The required result is a line count: how many lines in this data hold the word "espace". Give only that.

DATA SHOWN section start

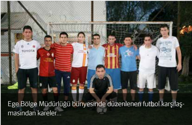
Ege Bölge Müdürlüğü bünyesinde düzenlenen futbol karşılaşmasından kareler...
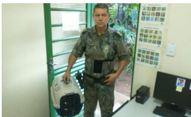
(48586) - Inhambu, encontrado em via pública. Entregue por GM Cajamar no dia 25-02-2024
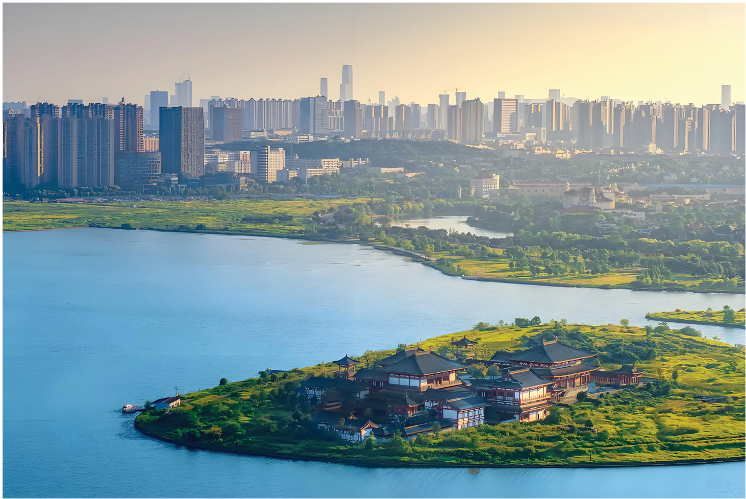
湖南松雅湖国家湿地公园。图/文旅星沙微信公众号

行账户,再由单位发放给个人,时间长、手续较为复杂。 湖南省15个医保统筹区中,已有长沙、株洲、湘潭、衡阳、岳阳、常德、郴州、永州、邵阳9个统筹区实现生育津贴直达个人,平均到账时间从2个月缩短至15个工作日。湖南省医保部门相关负责人表示,直发模式通过打通医保系统与个人账户的直通渠道,将建立起医保基金与参保人之间的“最短支付路径”,既杜绝了中间环节的权益损耗,也让参保人获得更直接的确定性与安全感,是生育保障服务从“管理型”向“服务型”转变的体现。
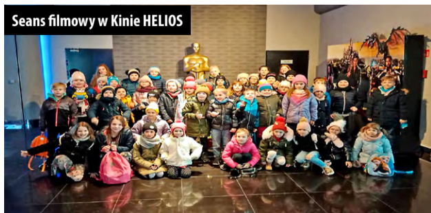
Seans filmowy w Kinie HELIOS

...zaczęły się już 17 stycznia wyjazdem do kina na seans filmu „Pan Zabawka”.
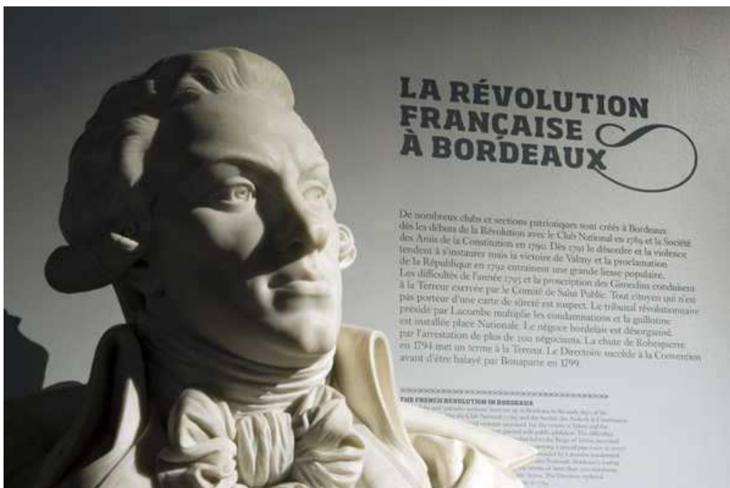
Salles XVIIIe / espace 4

Au-delà de ses spécificités propres qui permettent de comprendre les mécanismes et les enjeux de cette période complexe fondatrice de notre république, cet espace assure également la transition muséographique et historique entre les salles consacrées au XVIIIe siècle et celles consacrées au XIXe siècle.
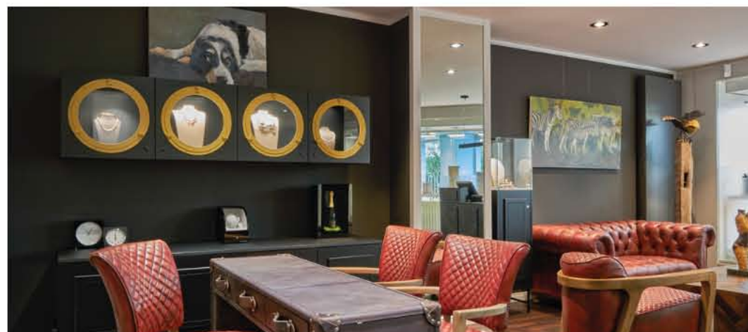
Horz Speyer - Vitrinenmodule mit MK OptiLight

MüllerKälber steht für ganzheitliche Präsentationssysteme, in denen Raum, Vitrine und Licht präzise aufeinander abgestimmt sind. So entstehen Lösungen, die Schmuck und Uhren in ihrer Wertigkeit erfahrbar machen und Orientierung im Verkaufsraum schaffen.
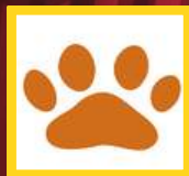
捨て猫をなくす会
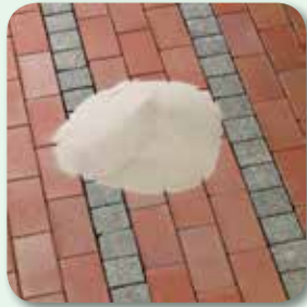
Fugen mit Quarzsand ...
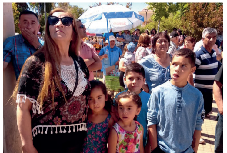
Y no todo es minería, también disfruta el salir a pasear con sus cuatro nietos.

Desde temprano está en el pique, con jornada de mañana y tarde, con un total de ocho horas diarias. Ahí con tiros, un rotomartillo y muchas ganas echa abajo el cerro.
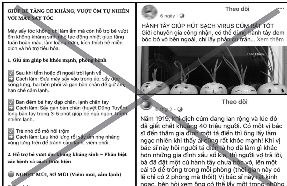
● Trần lan thông tin sức khỏe sai lệch trên mạng xã hội. (Ảnh chụp màn hình)

Cũng rộ lên trên mạng xã hội là phương pháp trồng hành tây để “hút” virus cúm và diệt khuẩn, làm sạch không khí. Bài viết cho biết có thể đuổi virus cúm bằng việc trồng củ hành tây trong nước, đặt rải rác khắp nhà. Để tăng độ tin cậy, bài viết còn trích dẫn một câu chuyện liên quan đến đại dịch cúm năm 1919, theo đó, một bác sĩ được người nông dân chia sẻ bí quyết phòng bệnh bằng cách đặt một củ hành tây trên bàn. Khi mang củ hành tây này về soi dưới kính hiển vi, ông phát hiện bên trong bám đầy siêu vi trùng.
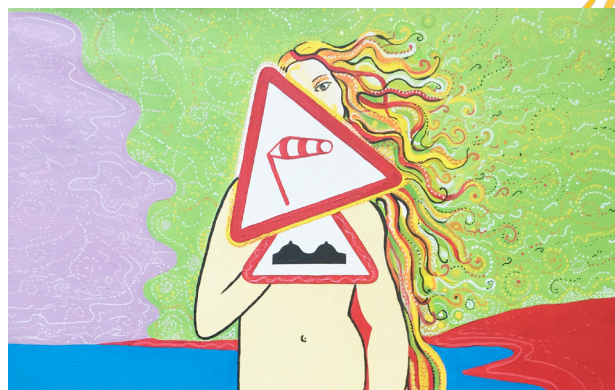
Marina DH - Peinture
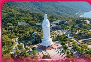
องค์กวนอิม วัดหลันอิ่ง
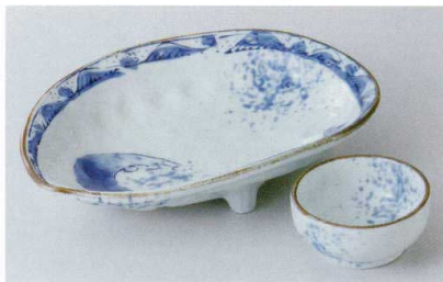
06011-126 2,250円 251201431 荒磯あわび刺身鉢(200×150×40mm) 06012-126 680円 251201432 荒磯丸千代口(70×70×35mm)
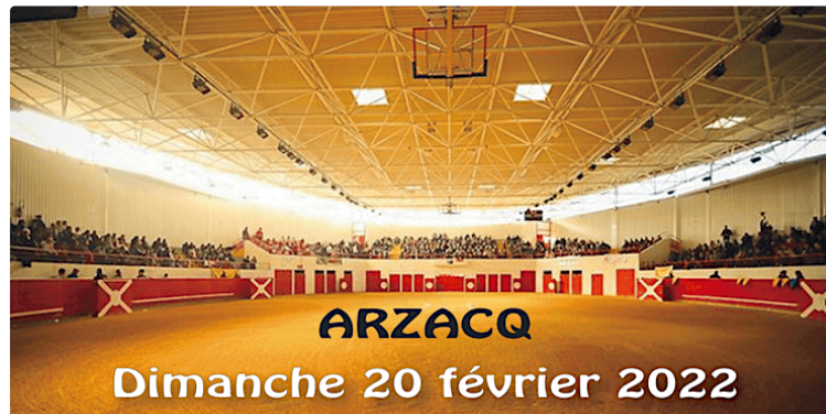
Ouverture de la temporada à Arzacq

C'est à Arzacq ( Béarn) que les aficionados vont retrouver leur premier paseo et voir défiler sur le sable les jeunes toreros de la novillada non piquée organisée dans les arènes couvertes du "Soubestre".
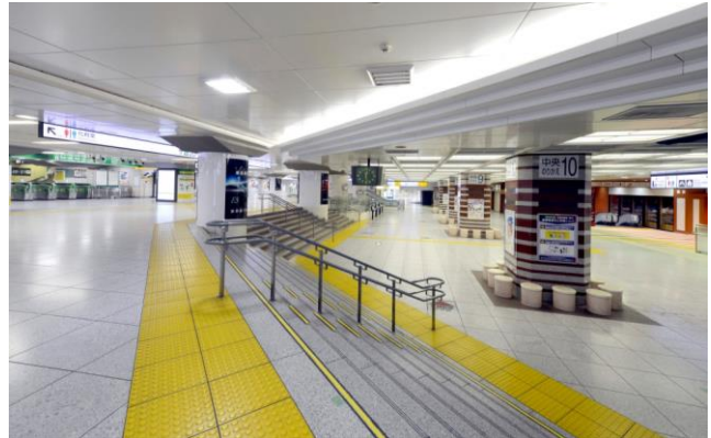
東京駅ミッドナイトツアーイメージ (一般のお客様のいない東京駅構内)

東京ステーションホテル(東京都千代田区丸の内 1-9-1)は、2014 年 12 月 20 日(土)に東京駅が開業 100 周年を迎えるにあたり記念企画として、終電後一般のお客様がいない東京駅のツアーをご体験いただける初の宿泊プラン「オトナの東京駅物語」(1 室 1 名様 46,000 円/税サ込)を、2014 年 8 月 25 日(月)より販売いたします。

DATA SHOWN section end

■ EXERCISE OUTPUT ■
2